ThreadLocal for request tracking

Our Java app uses a ThreadLocal to store “unique request ID” so that we can trace a request across multiple systems. We could do the same in Clojure or pass it explicitly in our “context” argument. Thanks to Functional Core, Imperative Shell we need it only in the thin outer imperative layer so passing it around explicitly isn’t all that much work (and doesn’t break when you involve asynchronous code).

@Scheduled

We have batch jobs like

@Scheduled(cron = "0 30 1 * * ?")
void cleanupExpiredOrders() { ... }

that Spring runs automatically for us.

Resource pooling

You wan’t to have e.g. a data source with a connection pool and use it in all DB calls or have a thread pool that you use for a particular subset of external service calls. The solution under ”Inversion of Control” above applies.

Other

Java Servlet filters

Use Ring’s middleware, simple higher-order functions working on the request and response maps and wrapping the request handler / other middlewares. Once again a higher-order function is the solution :-)

Examples of production Clojure (web)apps

See the awesome ClojureVerse thread ‘Example “enterprise” Clojure (web) app?’, mentioning e.g.

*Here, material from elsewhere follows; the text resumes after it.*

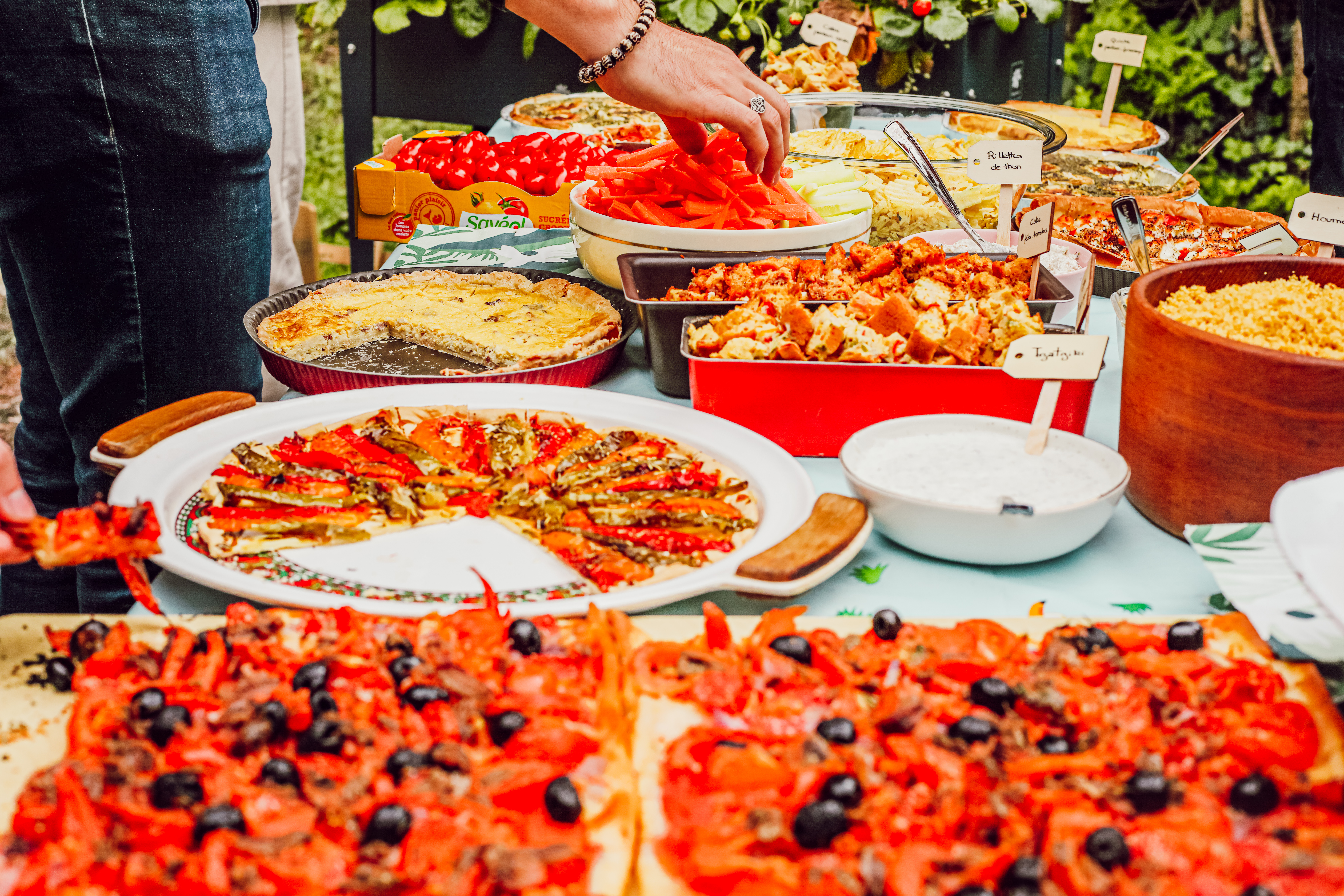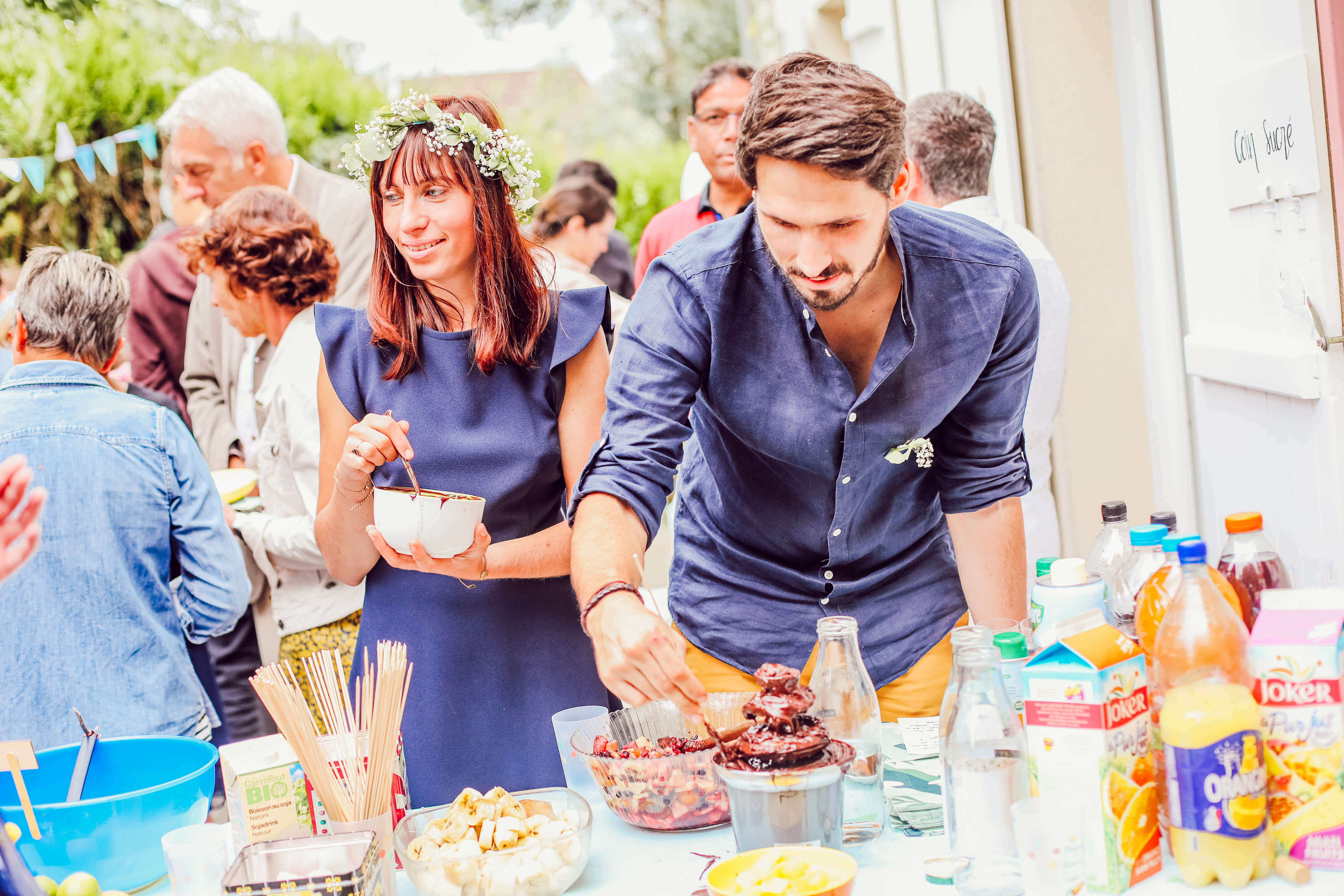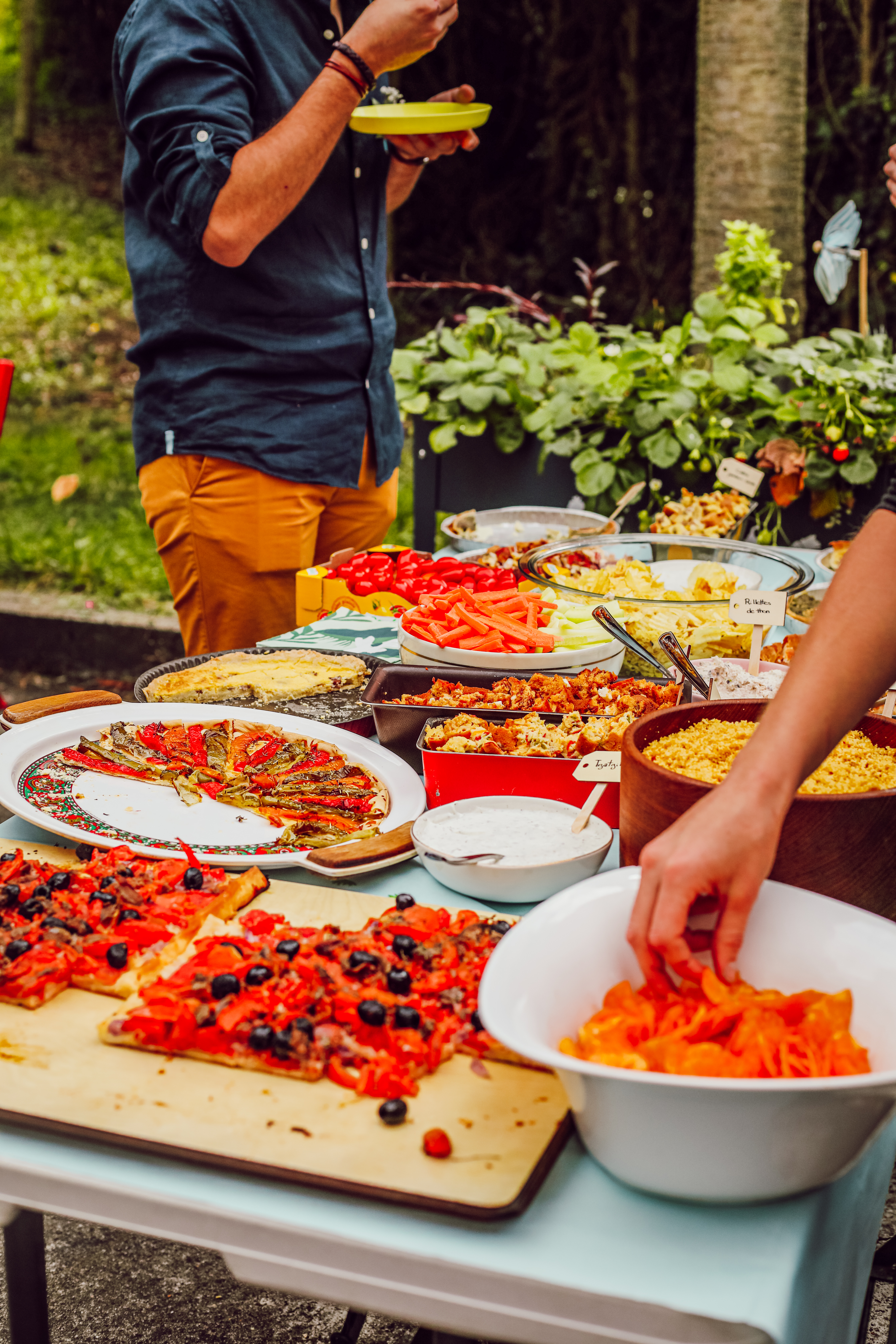 Je crois que le repas, c’est ce qui nous a fait le plus réfléchir, surtout que nous voulions tout faire nous-mêmes sans passer par un traiteur. Entre les plats à préparer, les quantités à estimer (la partie la plus dure je crois), l’organisation des plats pendants la fête, les allergies/intolérances/régimes alimentaires/goûts des nombreux invités, ça n’a pas été évident.

Also Datomic/mbrainz-importer - ETL pipeline in Clojure leveraging core.async, transducers, specs, separation into small, pure functions

Conclusion

You cannot map Java/Spring enterprise (web)app concepts 1:1 to Clojure because the two have very different capabilities and values. You need to embrace Clojure’s way of thinking and leverage its power - higher-order functions, macros, composition, data structures - to achieve your goals.